===== Listed entries

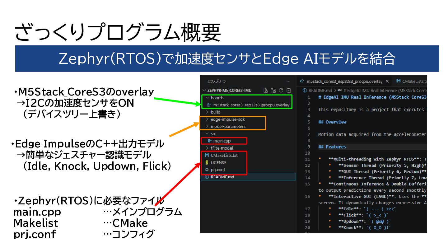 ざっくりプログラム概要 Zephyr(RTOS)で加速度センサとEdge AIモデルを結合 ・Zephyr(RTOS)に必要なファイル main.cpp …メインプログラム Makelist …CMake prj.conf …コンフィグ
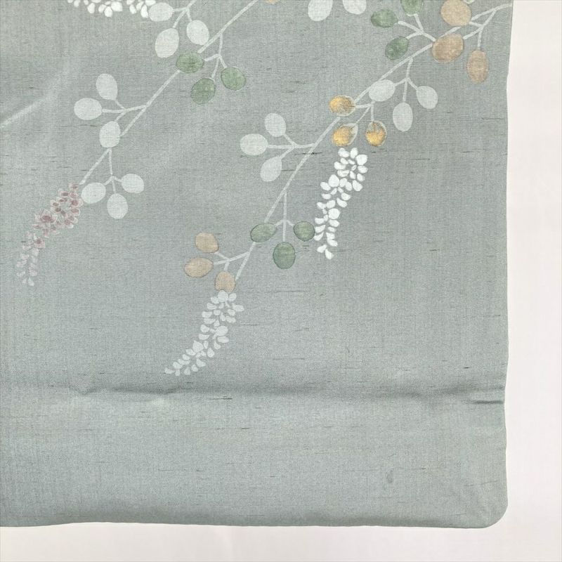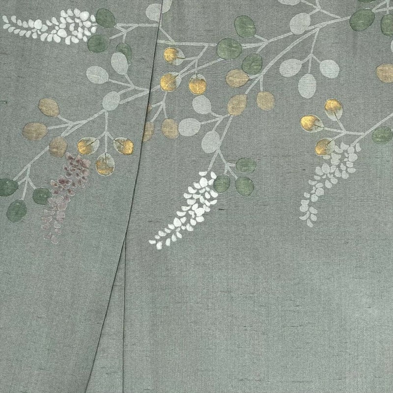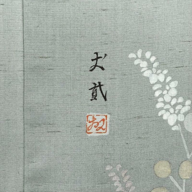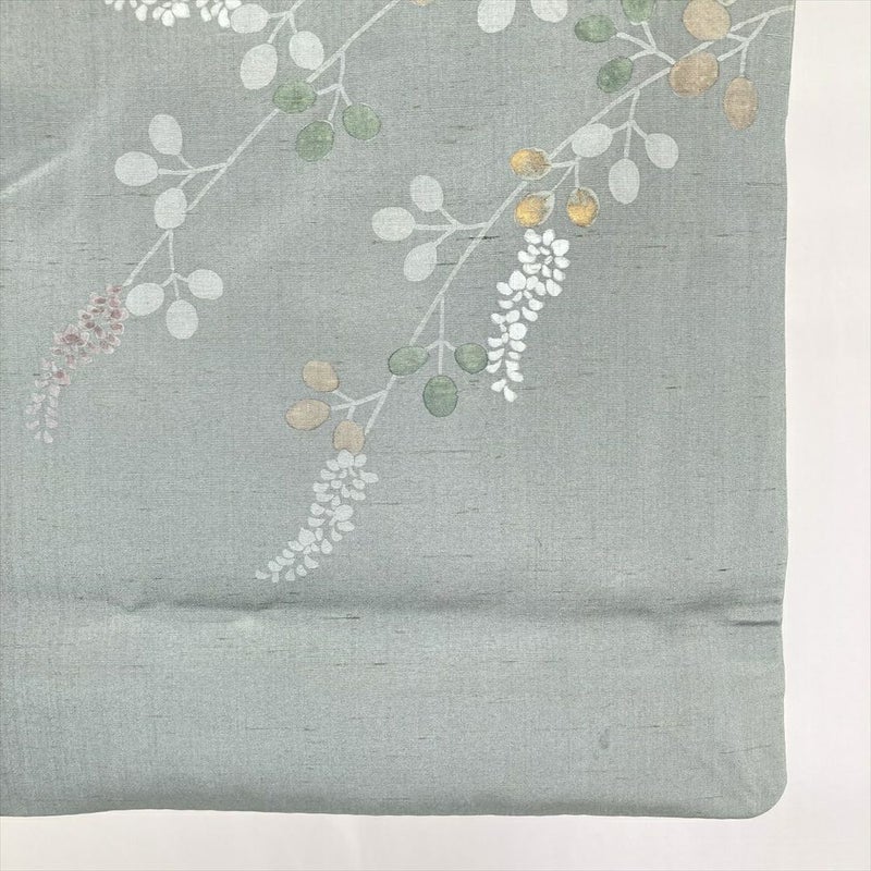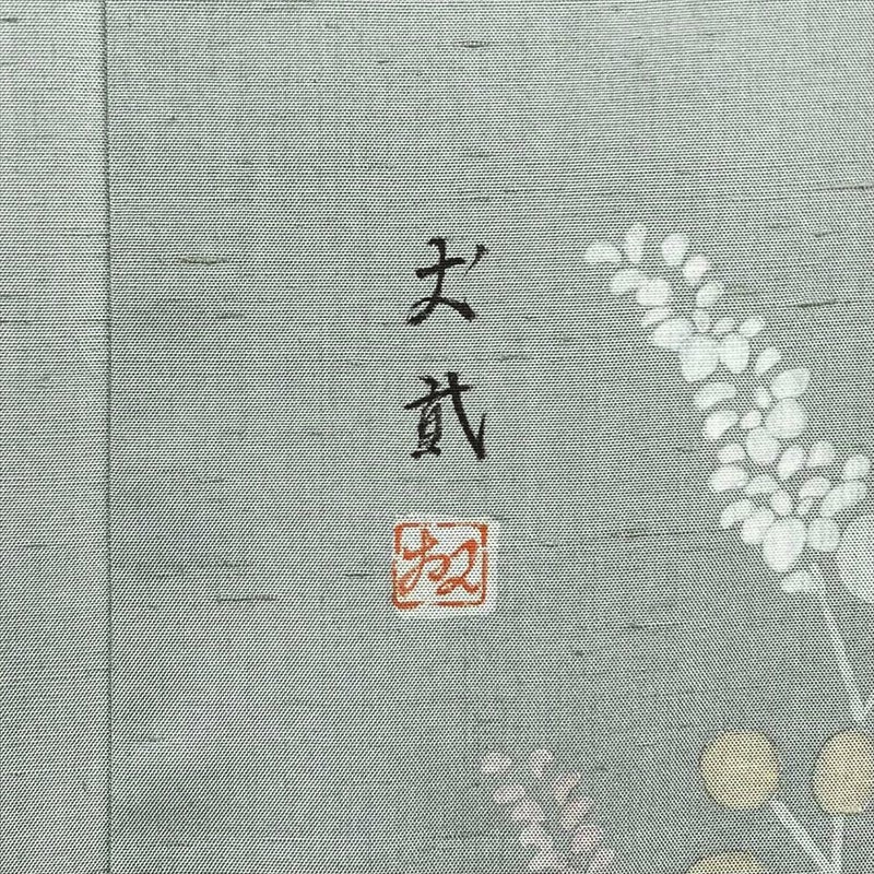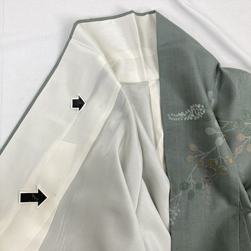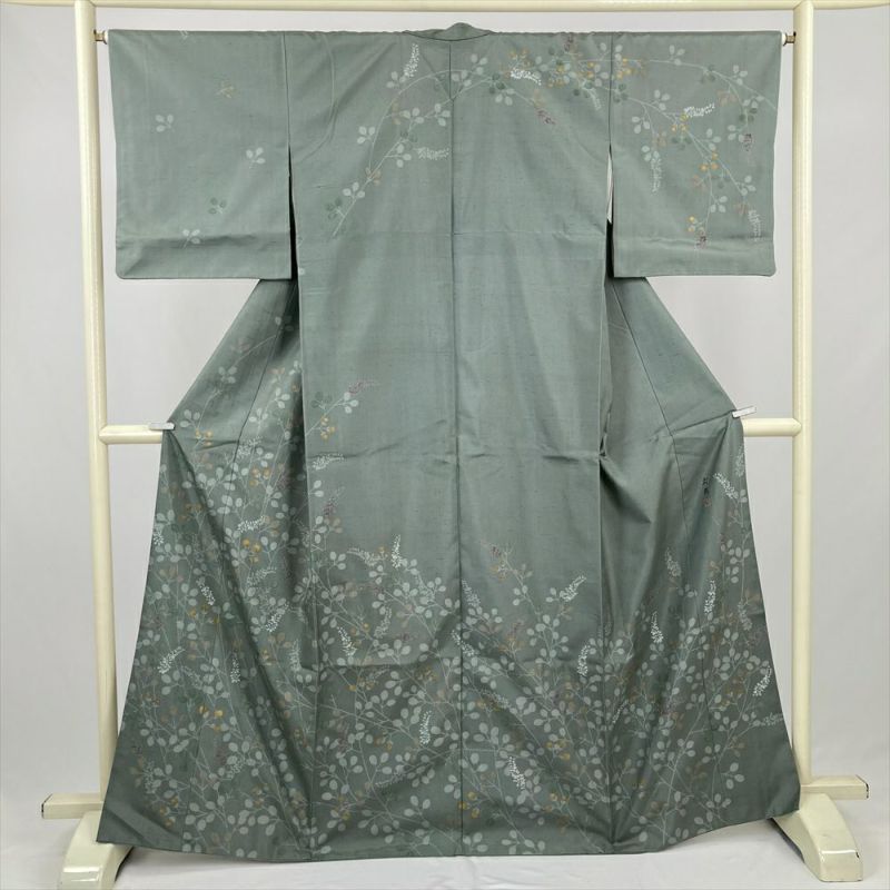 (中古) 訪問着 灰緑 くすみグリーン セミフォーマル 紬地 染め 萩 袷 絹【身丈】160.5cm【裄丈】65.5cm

==========
===== Listed entries

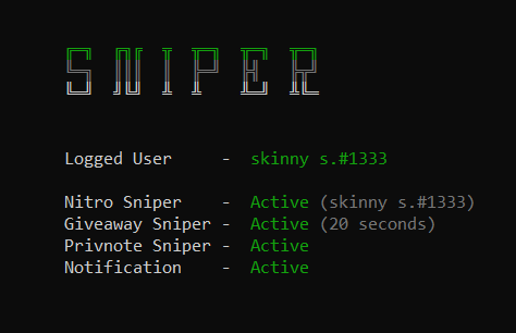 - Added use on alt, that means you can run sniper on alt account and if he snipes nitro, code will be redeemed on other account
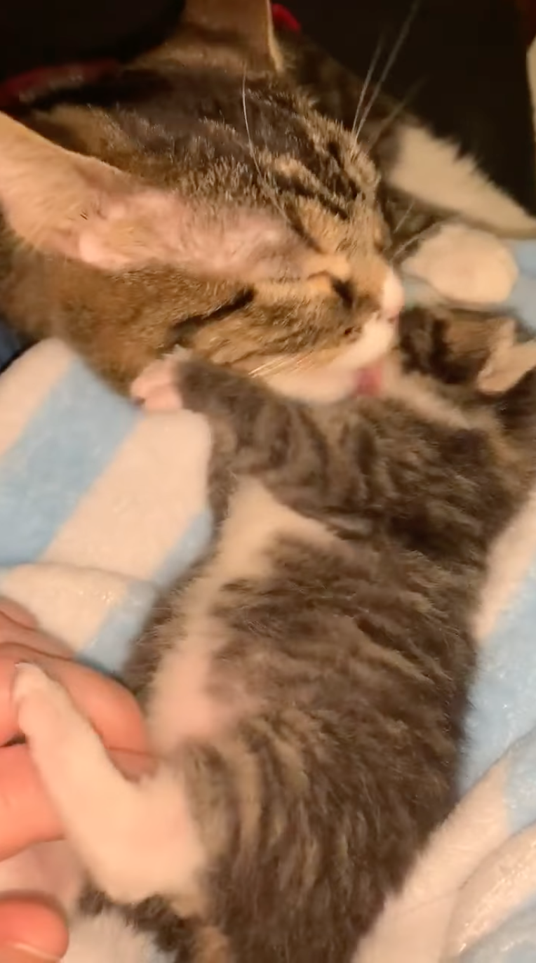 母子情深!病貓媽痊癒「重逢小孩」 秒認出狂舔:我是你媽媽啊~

==========

*Assigned task:* Print the line above containing "- Added use", the line containing "母子情深!病貓媽痊癒「重逢小孩」 秒認出狂舔:我是你媽媽啊~", and everything between them, exactly as written. Pictures stay out.

*Solved exercise:*
 - Added use on alt, that means you can run sniper on alt account and if he snipes nitro, code will be redeemed on other account
 母子情深!病貓媽痊癒「重逢小孩」 秒認出狂舔:我是你媽媽啊~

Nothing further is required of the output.